Dedicado al señor de Renfe...
Me angustio. Miro alrededor buscando una solución a este embrollo. ¡En una hora comienza el evento de Antonio Gala, Quintero, la parrala en coche y yo acá varada en Sevilla como ballena marplatense! Me acerco desesperada a la boletería, pregunto si hay algo que me acerque a Almodovar del Río. El señor me mira raro ¿Y eso en dónde es? ¿Aquí en España? (Que lo parió…). Compro un boleto a Córdoba. Busco el andén y entro a la formación. Me siento intentando parecer impasible no sé pa qué porque estoy que me comería un Willy Toledo!! Sigue lloviendo a cántaros. Miro por la ventana. El GPS dice que este tren me deja a MÁS DE VEINTE KILÓMETROS DE ALMODOVAR DEL RIO…

¿Y por qué me está pasando esto?
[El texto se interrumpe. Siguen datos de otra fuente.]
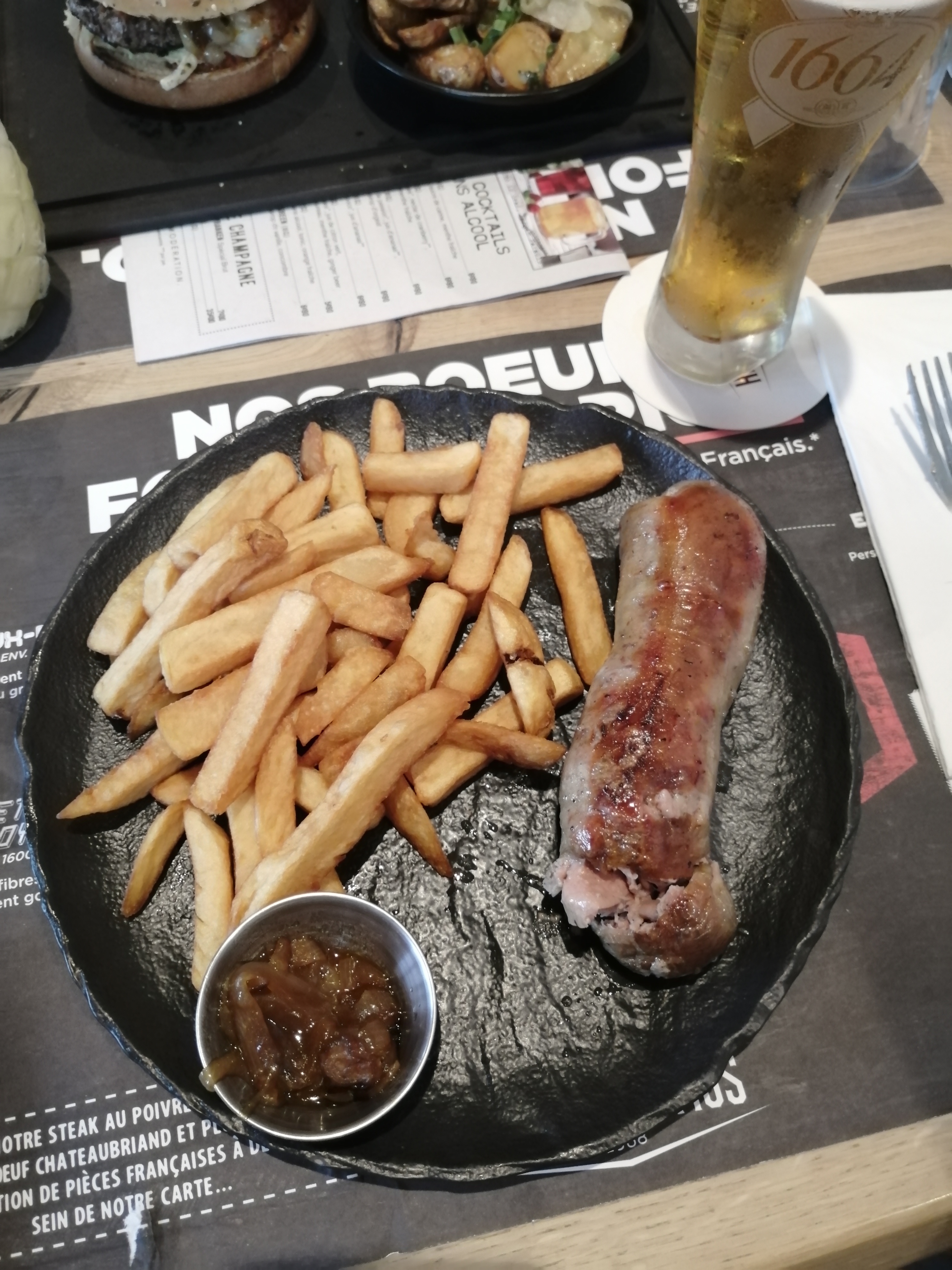 En ce dimanche soir, nous nous réjouissions de savourer un bon repas en famille, connaissant le lieu et la carte pour les avoir déjà testés à deux. Premier bug, nous demandons le burger Steakhouse au St-Nectaire SANS oignons, le serveur prend note et précise qu'il n'y a pas d'oignons dans ce burger, ce qui nous surprend par rapport à ce qu'on a vu sur la carte mais bon, tant mieux ...et le burger arrive avec son confit d'oignons. Nous rappelons le serveur, désolé, qui propose spontanément de remplacer le burger, mais pour ne pas faire attendre les autres convives, notre invité retire tous les oignons et dit que c'est ok. Les plats sont très bons, chauds, bien servis, nos demi-poulets étaient bien cuits, le tartare de boeuf à l'italienne a eu du succès. Arrive le moment de choisir les desserts, nous prenons un café gourmand et un thé gourmand, ainsi que deux dames blanches. Déception de voir arriver d'un côté le joli plateau du café gourmand avec cinq mini desserts, et de l'autre le plateau du thé gourmand, beaucoup plus petit, avec seulement trois petits desserts... Pourquoi?? Parce que la cuisine s'est trompée? Allez savoir. Encore une fois, c'était bon, mais finir sur cette fausse note nous a donné envie de rentrer, peut-être plus tôt que prévu. Notre serveur était très aimable, attentif et rapide (au passage je le remercie d'avoir si bien emballé les restes de poulet pour mon chien) et nous reviendrons, cela ne remet pas en cause ce que nous apprécions dans ce restaurant. Mais il fallait que je vous dise tout cela, pour que la prochaine fois ce soit de nouveau cinq étoiles!

Yo que soy siempre tan puntual ¿Es que no tengo que volver a ver a este loco? ¿Ya estuvo bien con el encuentro en su casa? Me vuelvo al hostal, ¿no? Corto por lo sano antes de terminar a los platós por el aire. Porque usted vio como es el asunto, tanto con los politicudos de turno como con el fulano: primero el idilio, luego el acostumbramiento y al final el despelote. ¡Que por qué pusiste la ropa ahí si te dije que me la tropiezo y la colina no es toda tuya, che! ¿Es que pensas que porque sos loco y simpático voy a andar yo levantándote los zapatos? ¡Y soltá el mando de la tele que ahora empieza Breaking Bad! ¿Breaking Bad? Pero yo quería ver el debate de Iglesia ademá hoy he levantao TUS SANDALIAS ESAS RASPOSAS QUE NO TE QUITA NUNCA ¡¿Rasposas?! ¿Rasposas mis sandalias?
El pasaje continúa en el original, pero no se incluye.